Review: The Golem and the Jinni

The Golem and the Jinni, Helene WeckerFor most refugees, losing a spouse halfway through the journey to America would be horrible. For Chava, it is almost world-ending. Not because she loved her husband, but because she was his servant. Chava is a golem, a being sculpted from clay and given life with dark magic.

Ahmad once roamed Syria like a god, reshaping his form at will and exploring the minds of the humans who crossed the country’s vast deserts. Endless powers, yet he still found himself outsmarted, imprisoned in a copper flask for centuries. Even once released from the flask, Ahmad is still trapped in physical form by an unbreakable iron band.

In a city of millions, these impossible creatures meet. And in a few horrifying moments, Chava and Ahmad are bound together in a way they could never have imagined. Someone else knows who they are, and will stop at nothing to bring them under his control.

A glorious debut

I loved The Golem and the Jinni. The plot is excellent, with several well-placed twists and an ending that’s just the right mix of bitter and sweet.

But in many ways the facts of the story are secondary; Helene Wecker’s novel is a master class in character study.

Just like humans do, Chava and Ahmad spend a great deal of time puzzling over their origin and purpose. Do they have souls, can they go against what nature has made them, are they purposeless without a master?

Much of the tension in their friendship comes from their clashing views on life. Chava is cautious, solicitous, and afraid to explore her new world; Ahmad is hedonistic, and does what he wants without thinking about who might be affected.

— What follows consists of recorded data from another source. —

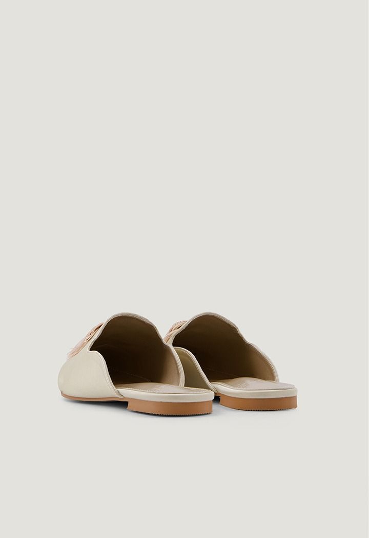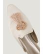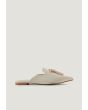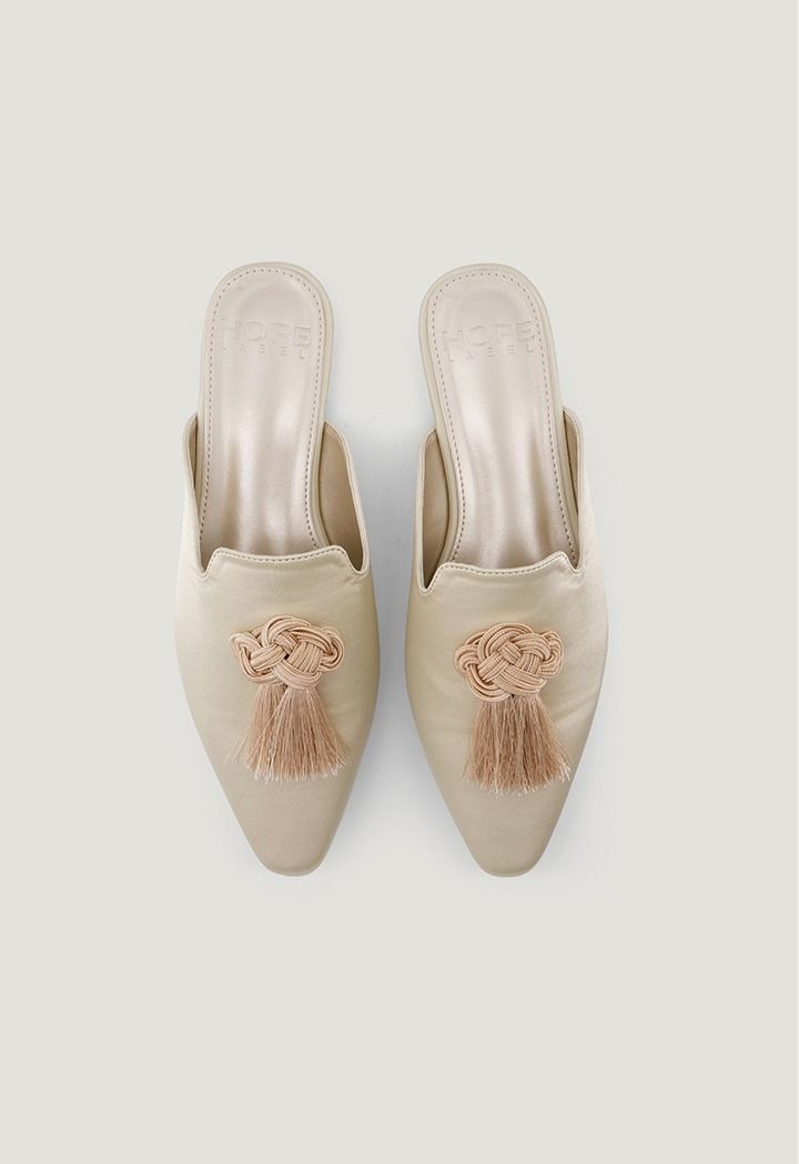 A pair of plain mules with simple touches, featuring a pointed toe and adorned with tassels that give it the perfect amount of elegance.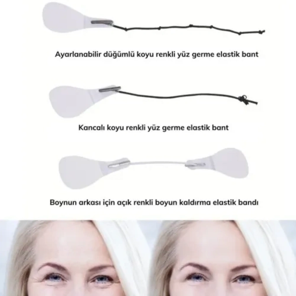 V Şekilli Yüz Hattı: Yüksek esnekliğe sahip bantlar, cildi yukarı doğru kaldırarak daha sıkı ve belirgin bir yüz hattı oluşturur.Hipoalerjenik ve Güvenli: Çevre dostu silikon ve kauçuk malzemelerden üretilmiştir; cildi tahriş etmez, yumuşak ve konforlu bir kullanım sunar.Mükemmel Gerdirme Performansı: Yüz, boyun, çene ve göz çevresindeki gevşek cildi toparlayarak kırışıklık görünümünü minimize eder.Görünmez Tasarım: Şeffaf rengi sayesinde makyaj altında veya saç diplerinde kolayca gizlenebilir.Su Geçirmez: Terleme veya nemden etkilenmeyen yapısıyla gün boyu sabit kalır.Kullanım AlanlarıÖzel Günler ve Etkinlikler: Düğünler, mezuniyetler, toplantılar ve partilerde kusursuz bir görünüm için idealdir.Profesyonel Çekimler: Modellik, fotoğraf çekimleri ve video kayıtlarında yüz hatlarını keskinleştirmek amacıyla kullanılır.Günlük Bakım: Sarkan yüz kaslarını geçici olarak germek ve daha enerjik bir görünüm kazanmak isteyen herkes tarafından tercih edilebilir.Seyahatler: Pratik uygulanabilirliği sayesinde seyahatlerde anında güzellik dokunuşu sağlar.Paket İçeriği40 Adet Şeffaf Yüz Germe BandıKademeli Uygulama ve Germe Lastikleri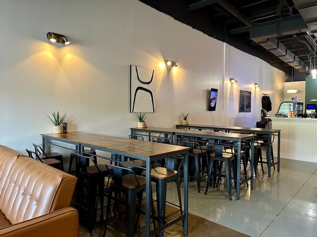 Cozy coffee shop offering breakfast and sandwiches, plus wine, beer, and smoothies.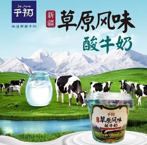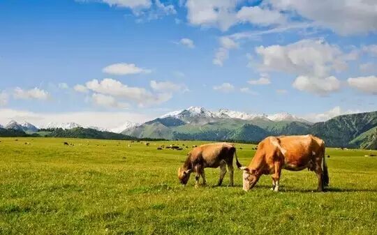 2、新疆的牛儿喝着天山雪水,吃着天然草料,产的奶质量高。

Yet as their situation grows increasingly dangerous, we see them learn from each other. Chava becomes braver, and uses her ingrained curiosity more frequently; Ahmad learns to temper his desires and think further than five minutes ahead.

The Golem and the Jinni is an engrossing look at turn-of-the-century New York City, mythology, and superstition. It’s also cerebral, giving the reader plenty of ethical and moral dilemmas and thoughts to gnaw on and discuss. The story is beautifully written, keeping you on the edge of your seat until the very last page.

The next in the series, The Iron Season, hits shelves in 2018.

(I read this book as part of the Mount TBR Reading Challenge. It’s also my June book for the Monthly Motif Reading Challenge!)